Appalti UE, Egualia: «Italia e Bruxelles nella stessa direzione»

La proposta di riforma degli appalti pubblici presentata dalla Commissione europea conferma, secondo Egualia – Industrie Farmaci Accessibili, una direzione già intrapresa dall’Italia nel procurement farmaceutico: superare una competizione basata prevalentemente sul prezzo e valorizzare qualità, affidabilità delle forniture, pluralità dei fornitori e resilienza delle catene di approvvigionamento.

La nuova proposta di Public Procurement Act introduce il principio del miglior rapporto qualità-prezzo e prevede un peso minimo per i criteri qualitativi, insieme a una maggiore attenzione alla sicurezza delle forniture, alla resilienza e alle dipendenze strategiche.

Il nuovo accordo quadro per i farmaci fuori brevetto

Per Egualia, l’impostazione europea rafforza la scelta compiuta dal legislatore italiano con la nuova disciplina dell’accordo quadro per i farmaci fuori brevetto. Ora, sottolinea l’associazione, è necessario garantirne la piena e concreta attuazione nelle procedure di acquisto.

Nel settore farmaceutico, infatti, le modalità di costruzione e aggiudicazione delle gare incidono non solo sull’efficienza della spesa pubblica, ma anche sulla struttura del mercato, sulla pluralità degli operatori e sulla capacità delle imprese di programmare la produzione, con effetti sulla continuità della disponibilità dei medicinali per il Servizio sanitario nazionale.

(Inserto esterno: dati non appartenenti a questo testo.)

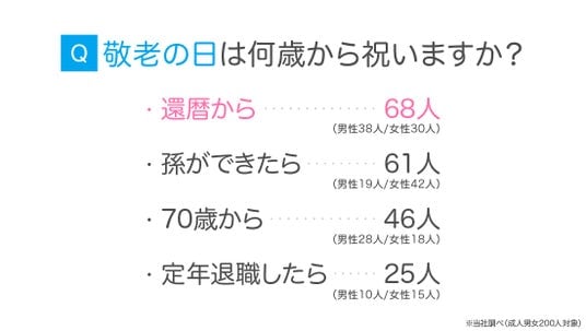 今回のアンケートでは、敬老の日を何歳から祝うかについて調査しました。
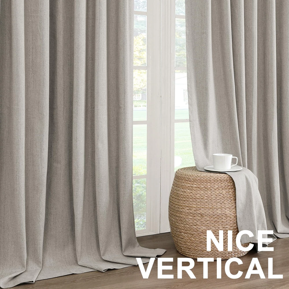 Linen Blackout Curtains Extra Long Living Room Curtains 108 Inches Chenille T...

UE e Italia puntano a superare una competizione basata prevalentemente sul prezzo

Egualia considera quindi essenziali procedure multi-aggiudicatario, capaci di preservare la concorrenza e ridurre i rischi legati a un’eccessiva concentrazione dell’offerta. I criteri di gara dovrebbero inoltre considerare qualità e affidabilità delle forniture, oltre al prezzo, insieme a una maggiore prevedibilità di domanda e volumi.

Procurement e sicurezza degli approvvigionamenti

L’associazione richiama anche l’esigenza di prestare attenzione alle offerte economicamente non sostenibili, che possono mettere a rischio la continuità delle forniture e favorire l’uscita degli operatori dal mercato.

Egualia chiede piena attuazione del nuovo accordo quadro per i farmaci fuori brevetto

La convergenza tra il percorso italiano e la nuova impostazione europea rappresenta quindi, secondo Egualia, un’opportunità per costruire modelli di gara capaci di coniugare sostenibilità della spesa, concorrenza, continuità delle forniture e sicurezza degli approvvigionamenti.

Per l’associazione, un procurement più equilibrato e prevedibile può contribuire alla sostenibilità del mercato dei farmaci fuori brevetto, favorire gli investimenti produttivi e rafforzare la resilienza del sistema farmaceutico italiano ed europeo.